Henry F. Tonn is a semi-retired psychologist whose fiction and nonfiction has appeared in such print and online journals as the Gettysburg Review, Connecticut Review, Summerset Review, and Eclectica. He is the editor of the war veterans anthology Remembrances of Wars Past, and author of the murder mystery e-novelette The Tuxedoed Corpse, which can be accessed through an iPad or Kindle. Please feel free to visit his website at henrytonn.com.

Water, Youth
Jade Wu

     Remember the leathery skinned nudists we spied across the river, who laughed and shook their dreadlocks? Remember the smell of wet dogs and the sting of thistles? We buried a time capsule under that maple tree, but we didn't think to fill it with the cold creek that licked our hot ankles. I heard it’s all dried up now. We wrote our older selves letters, but forgot to talk about youth. Wasn't that the year our parents don't talk about? I think it was. It was the summer we spent watching tadpoles grow legs, the summer Richie pulled the trigger.

     Paradise falls when he does. It descends in a swoop when he, with laughter still dancing at the corners of his eyes, succumbs suddenly to a sweet stillness and a gentle snore. Look, the innocence in his rapid eye movement tells of lilacs and kisses in the rain.
     My narcoleptic lover, my sweet man! Tell me if everything we live is but a dream, and that on the other side of the too-permeable veil there is a truer I who loves you even more. If so, please go to her, and kindly ask that bitch to stop waking you up.

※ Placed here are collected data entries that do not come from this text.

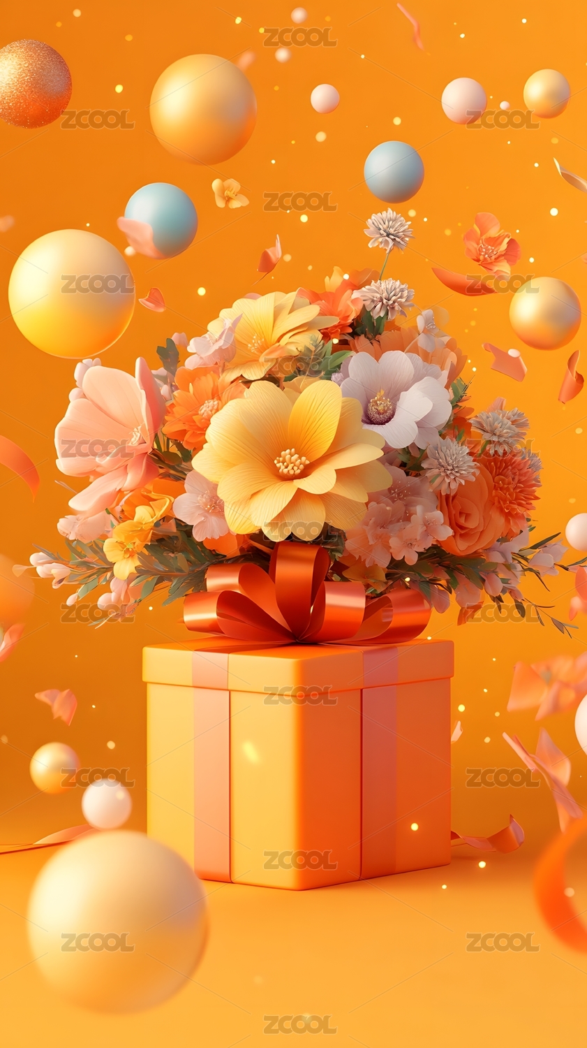 三维,立体,3D,渲染,礼物盒,包装,橙色,花朵,植物,背景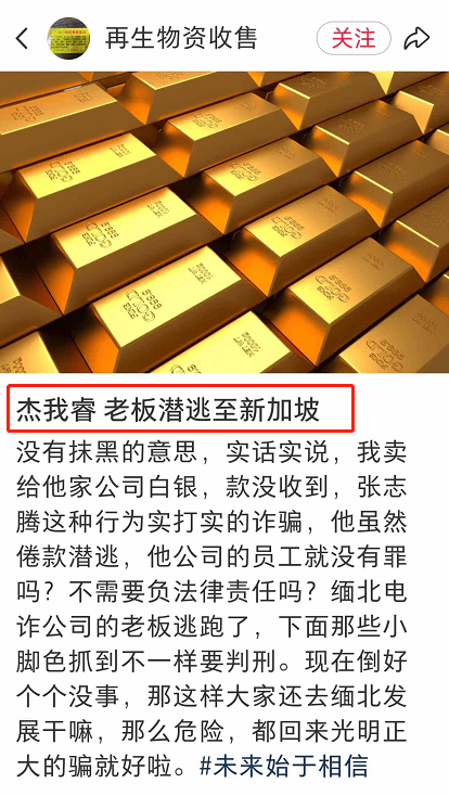 然而如今,她1克也见不到了,杰我睿还倒欠她40多万交易款无法提现。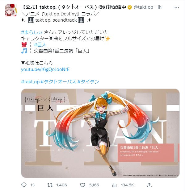 本作现在有日服和台服(国际服),都是同一天发布的。本质的日文全称为“takt op. 運命は真紅き旋律の街を”。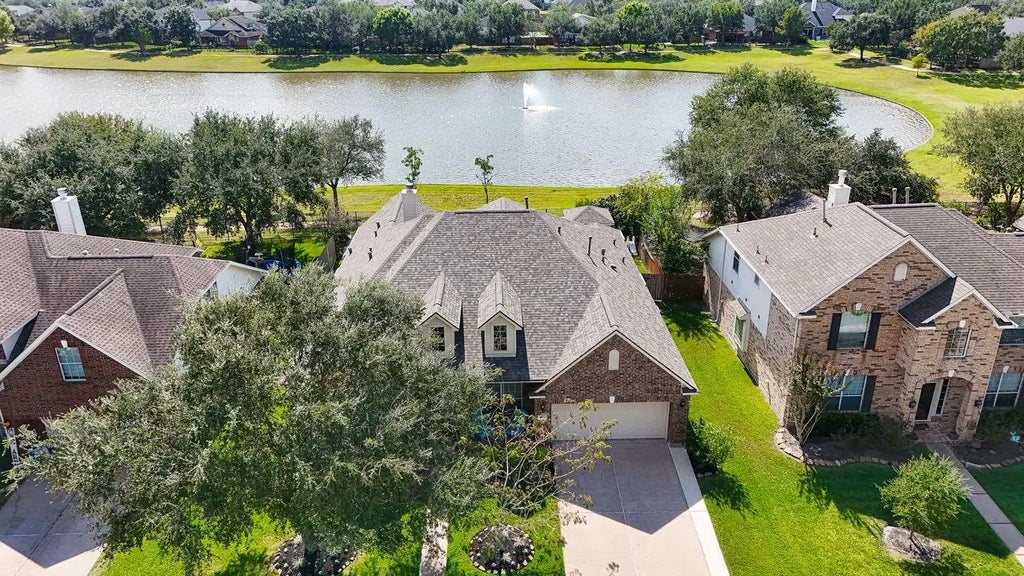 WOW! STUNNING LAKEFRONT 1-story with POOL & 3-CAR GARAGE! 4 bedrooms, 3 full baths in a highly desirable GATED COMMUNITY with STUDY, FORMAL DINING, and the open floor plan you’ve been searching for. Designer updates throughout including a SHOW-STOPPER KITCHEN with quartz counters, lighted ceiling-height cabinets, ZLINE chef’s gas range, central island, stylish backsplash, and shiplap accents. Private study with custom built-in library and double doors. Elegant dining with easy kitchen access. Spacious living room with shiplap & stone fireplace and a wall of windows showcasing breathtaking triple-fountain lake views. Plantation shutters, raised-ceiling primary suite, and spa-inspired bath with seated vanity. Backyard oasis features a covered patio with wood ceiling, outdoor cabana kitchen/bar, sparkling pool, and serene fountain-view lakefront! Recent roof.
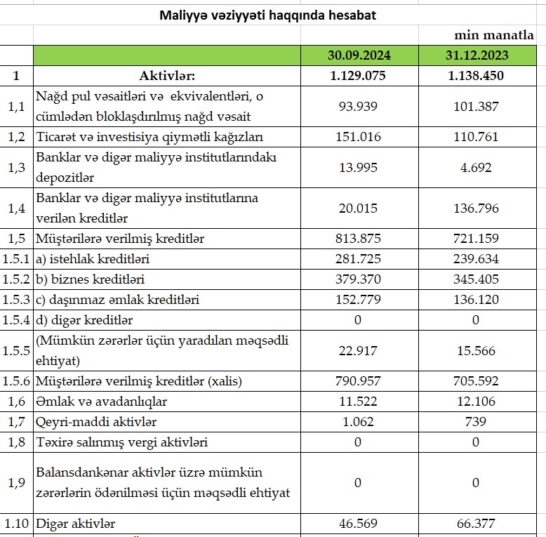 Cari ilin III rübündə Bankın aktivləri 12% artaraq 1 milyard 129 milyon manata çatıb.

Jade Wu is an emerging writer and a Psychology doctoral student at Boston University. She loves to paint, cook, camp, study the brain, and remind people that she is an immigrant when she performs poorly at bar trivia. Vladimir Nabokov is her hero.

Space Invaders
Ben Boyarko

     People were not as excited about the Martians as the Martians themselves hoped they would be. When the saucers landed, they crashed into a dilapidated barn, which everyone in town thought ought to be torn down anyways. So the Martians went on their mission of killing all humans, a little disappointed, but nonetheless. The positron cannons sort of jammed. Apparently, pure iron rusts pretty quickly in Appalachia. Under orders from their commander, the invading Martian unit got jobs at fast food restaurants. Now they fight their war more quietly, by helping to cause heart disease. All in a days work.

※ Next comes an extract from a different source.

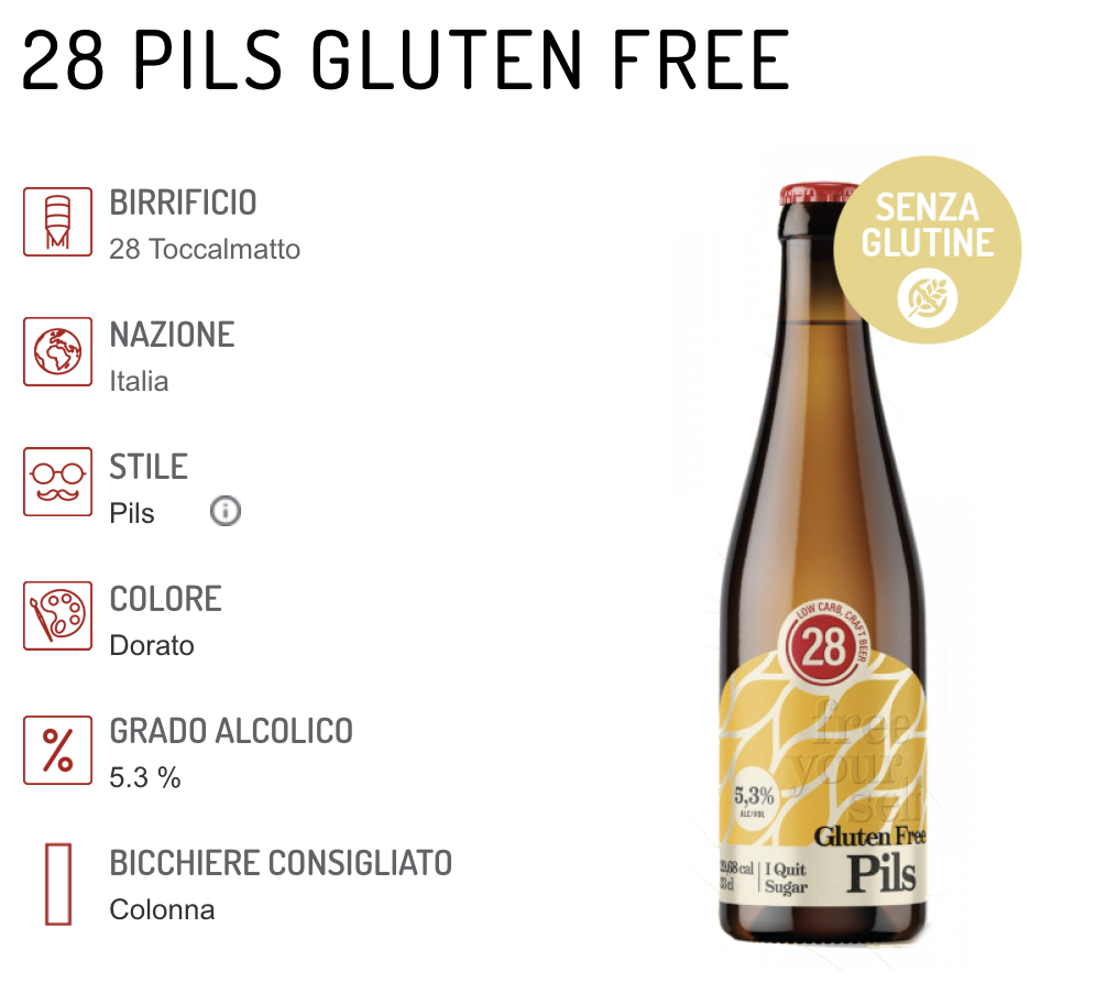 Versione senza glutine della famosa e rinomata 28 Pils. Un omaggio al più classico degli stili tedeschi, i malti Pils le conferiscono note di crosta di pane e miele d'acacia. La luppolatura nobile europea le dona note erbacee, speziate e floreali. Birra secca e di facile beva.

Ben Boyarko is a stay-at-home dad in southern Vermont. He is the author of The Alter: A Collection of Short Stories, for adults, and The Narwhal and Too Much Wasabi, for kids.

Matt Hutchinson

     'Drink, sir?'
I don’t drink on aeroplanes. ‘Spillages,’ I explain.
But he’s already moved on. Miniature bottles chatter and clink, like tiny glass laughter.

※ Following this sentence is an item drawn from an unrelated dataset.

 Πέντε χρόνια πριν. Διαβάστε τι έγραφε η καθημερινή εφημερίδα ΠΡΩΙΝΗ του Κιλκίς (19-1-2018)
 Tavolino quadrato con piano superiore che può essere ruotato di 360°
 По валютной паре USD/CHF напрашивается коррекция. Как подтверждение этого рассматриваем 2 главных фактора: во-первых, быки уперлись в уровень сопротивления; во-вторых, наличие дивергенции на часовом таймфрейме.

     The plane lurches and dips; drinks slide on trays. I gasp and reach for her hand, then remember. The plane steadies itself. Once something’s spilled that’s it, you can’t put it back in the bottle.
     Clouds pile cottony soft below but they’re just vapour; water droplets suspended in air, waiting to fall. The miniatures laugh again.
     My hand goes up. ‘Excuse me?’
     He sighs, reverses the trolley. ‘Sir?’
     ‘Gin,’ I hear myself say. ‘I’ll have gin.’

Matt Hutchinson is 41 and lives in London (UK). He's had two stories published by thebohemyth.com, one of which was shortlisted for the Doire International Fiction Competition. Chris Cleave, author of Little Bee, described his story Ogre Beans as "Beautifully observed and haunting—it creeps up and surprises. Brilliant." He is currently working on a novel, set in the 1960s, and a collection of short stories.